Ziekte van Bechterew

Algemeen

De ziekte van Bechterew is een vorm van artritis die zich vooral manifesteert ter hoogte van de ruggengraat. De meer wetenschappelijke naam is spondylitis ankylosans of spondylitis ankylopoëtica. De aandoening komt voor bij ongeveer 1 op 100 tot 200 personen. Mannen lijden gewoonlijk ernstiger onder de aandoening dan vrouwen. De ontstekingsverschijnselen steken meestal reeds op jong volwassen leeftijd de kop op.

Verschijnselen

Bechterew-artritis veroorzaakt pijn in rust (nachtelijke pijn) en uitgesproken ochtendstramheid, in eerste instantie ter hoogte van de ruggengraat (de lage rug, de zone tussen de schouderbladen of de nek).

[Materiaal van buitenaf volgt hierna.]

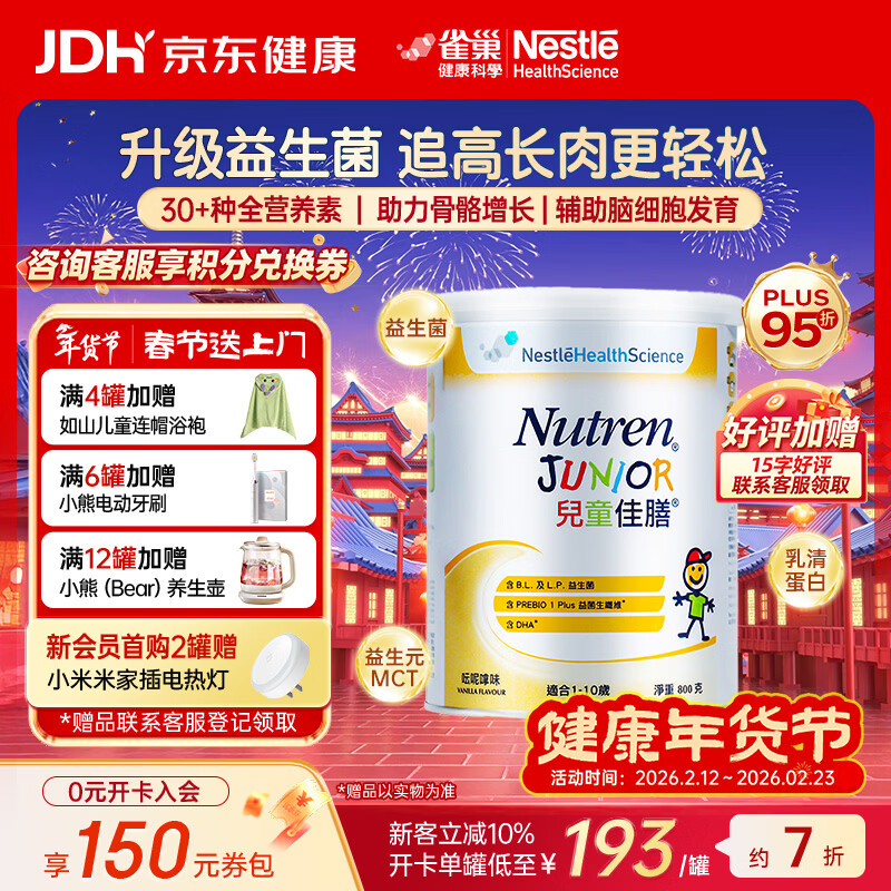 雀巢港版小佳膳儿童佳膳益生元乳清蛋白全营养配方奶粉1-10岁助力成长 800g*1罐 【约7天量】新效期

De arts kan vaststellen dat de beweeglijkheid van de rug verminderd is. Radiologie van de rug toont kenmerkende veranderingen: veranderingen op niveau van de heiligbeen-bekken gewrichten (sacroiliitis) of veranderingen van de wervels zelf, waarbij deze kunnen neigen om met elkaar te vergroeien. In een vroeg klachtenstadium kunnen de radiologische veranderingen nog zeer beperkt zijn (en zelfs moeilijk aantoonbaar).
Naast de aantasting van de wervelkolom kunnen nog andere symptomen optreden: een ontsteking van één of enkele gewrichten (artritis vaak ter hoogte van de onderste ledematen), een peesontsteking (tendinitis; voornamelijk rond de hiel), een oogontsteking (uveïtis) of darmontsteking (ileitis). Meestal is er een erfelijke voorbeschikking. Deze genetische factor staat bekend als HLA-B27.

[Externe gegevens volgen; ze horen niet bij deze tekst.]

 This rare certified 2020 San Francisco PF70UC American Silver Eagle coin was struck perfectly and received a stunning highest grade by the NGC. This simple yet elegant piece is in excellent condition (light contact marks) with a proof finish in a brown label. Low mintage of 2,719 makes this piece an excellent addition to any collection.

Sommige andere vormen van artritis zijn nauw verwant met de ziekte van Bechterew. Ze behoren tot de groep van de spondylartropathieën (of spondylartritis). Het gaat ondermeer om bepaalde vormen van kinderreuma, artritis bij personen met psoriasis of artritis geassocieerd met chronische darmontsteking (ziekte van Crohn, colitis ulcerosa). Ook reactieve artritis, die kan volgen op een darminfectie of een infectie van de urinewegen, behoort tot deze groep.

Behandeling

De meeste mensen met Bechterew-artritis en variante vormen van spondylartropathie kunnen adequaat worden geholpen. Hiertoe gebruiken ze in de regel krachtige aspirine-achtige (niet-steroïdale) ontstekingsremmers, zoals piroxicam, meloxicam of andere. Essentieel is bovendien een goede kinesitherapeutische of fysiotherapeutische begeleiding, vooral om de neiging tot verstijving van de ruggengraat tegen te werken. Wanneer meerdere klassieke ontstekingsremmers onvoldoende impact hebben op de symptomen van pijn en stramheid, en indien de onderliggende ontsteking duidelijk actief is, kan anti-TNF therapie worden opgestart – meestal met een zeer goed resultaat.
In geval van artritis van perifere gewrichten (zoals heupen of knieën), kan behandeling met sulfasalazine nuttig zijn.